Work instruction:
Your task is to copy exactly the lines from the line containing "Intercon: Hardwood Frame" through the end of the listing below, with pictures left out.

Input:
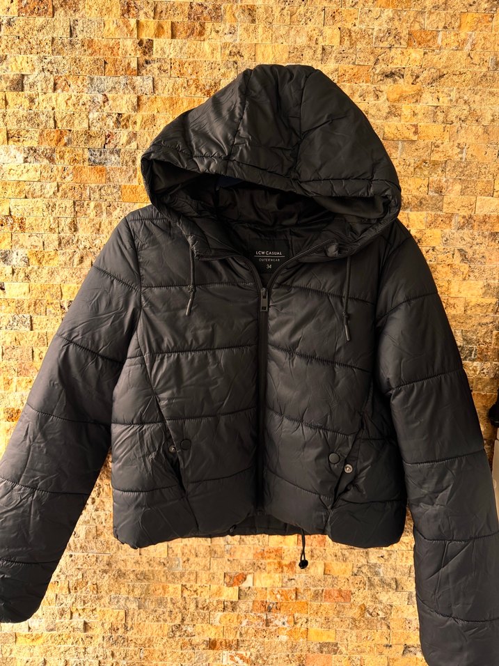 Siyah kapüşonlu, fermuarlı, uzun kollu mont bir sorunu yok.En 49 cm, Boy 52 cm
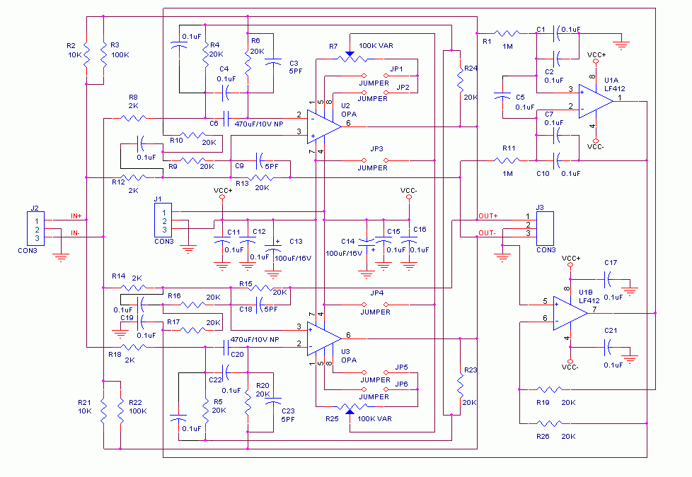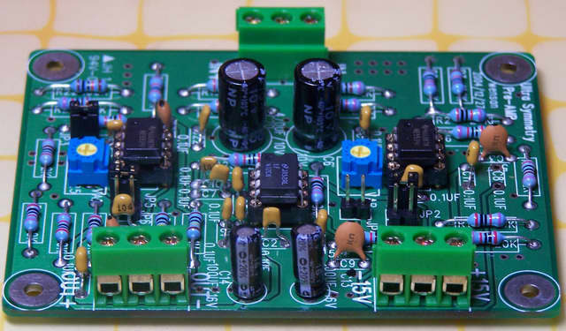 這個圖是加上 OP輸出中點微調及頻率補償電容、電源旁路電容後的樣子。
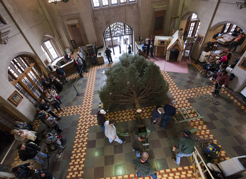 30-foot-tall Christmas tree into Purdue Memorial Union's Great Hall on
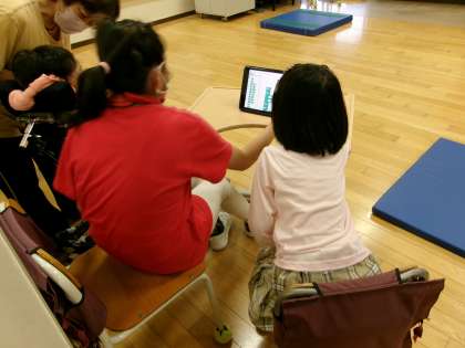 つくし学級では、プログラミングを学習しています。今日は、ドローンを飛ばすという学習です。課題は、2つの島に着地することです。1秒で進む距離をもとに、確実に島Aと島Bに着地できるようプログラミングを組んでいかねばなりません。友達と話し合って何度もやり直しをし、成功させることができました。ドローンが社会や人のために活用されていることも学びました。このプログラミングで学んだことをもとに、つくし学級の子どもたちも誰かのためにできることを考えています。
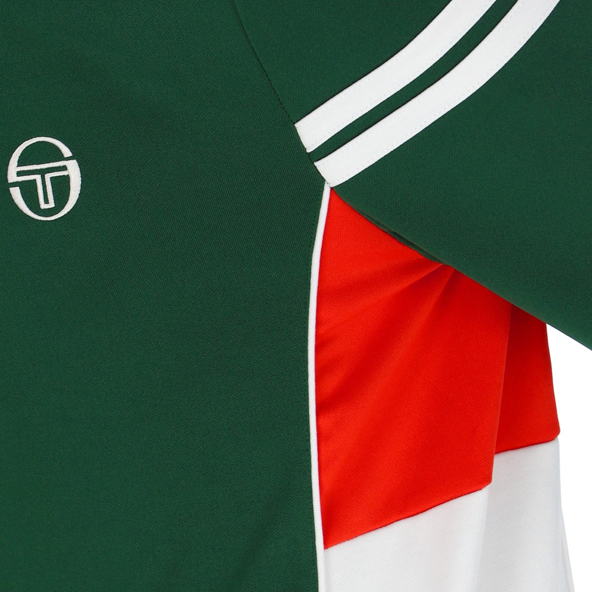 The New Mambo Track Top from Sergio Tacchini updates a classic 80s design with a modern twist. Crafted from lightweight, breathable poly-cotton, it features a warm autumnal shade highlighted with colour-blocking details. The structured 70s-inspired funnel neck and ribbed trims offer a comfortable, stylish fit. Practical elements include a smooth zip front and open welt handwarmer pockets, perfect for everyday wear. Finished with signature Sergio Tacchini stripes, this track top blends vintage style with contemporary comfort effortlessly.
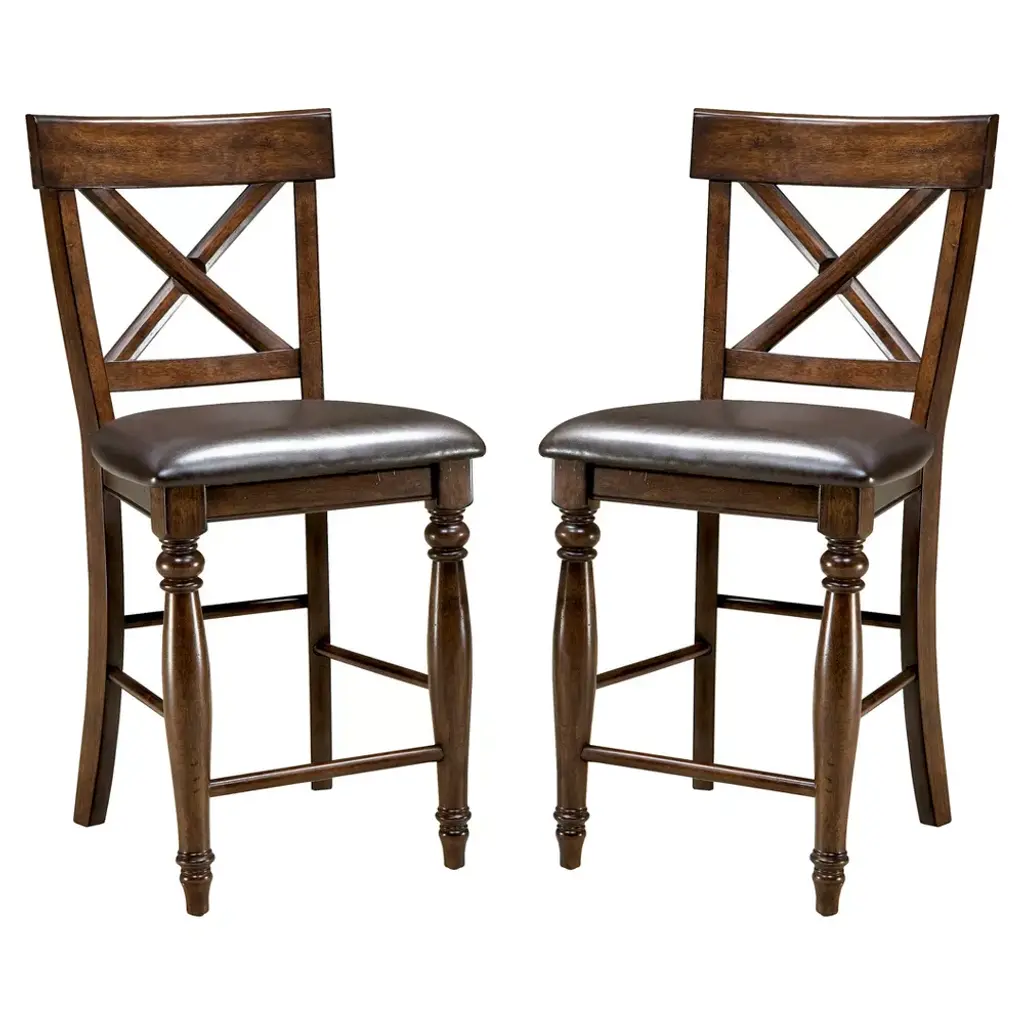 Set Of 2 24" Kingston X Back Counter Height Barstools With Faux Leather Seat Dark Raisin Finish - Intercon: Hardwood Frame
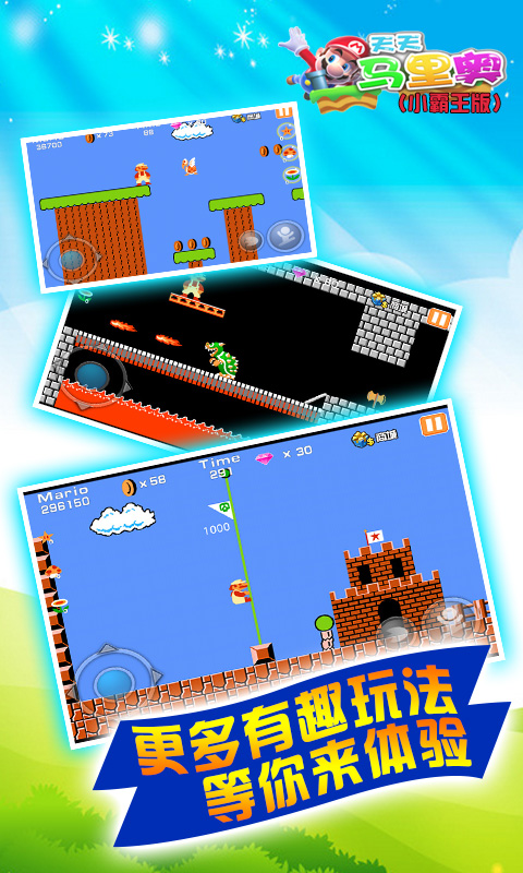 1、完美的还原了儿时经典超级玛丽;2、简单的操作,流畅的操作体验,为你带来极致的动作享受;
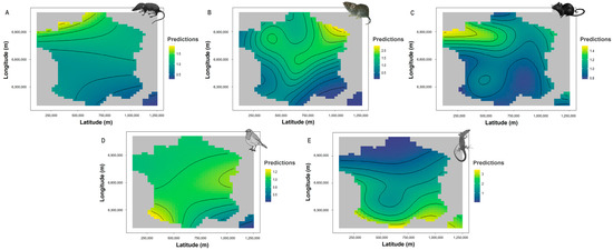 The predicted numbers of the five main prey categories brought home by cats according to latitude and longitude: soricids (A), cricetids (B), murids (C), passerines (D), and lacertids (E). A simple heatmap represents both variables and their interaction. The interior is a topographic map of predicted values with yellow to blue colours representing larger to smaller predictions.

Completed exercise:
 Set Of 2 24" Kingston X Back Counter Height Barstools With Faux Leather Seat Dark Raisin Finish - Intercon: Hardwood Frame
 1、完美的还原了儿时经典超级玛丽;2、简单的操作,流畅的操作体验,为你带来极致的动作享受;
 The predicted numbers of the five main prey categories brought home by cats according to latitude and longitude: soricids (A), cricetids (B), murids (C), passerines (D), and lacertids (E). A simple heatmap represents both variables and their interaction. The interior is a topographic map of predicted values with yellow to blue colours representing larger to smaller predictions.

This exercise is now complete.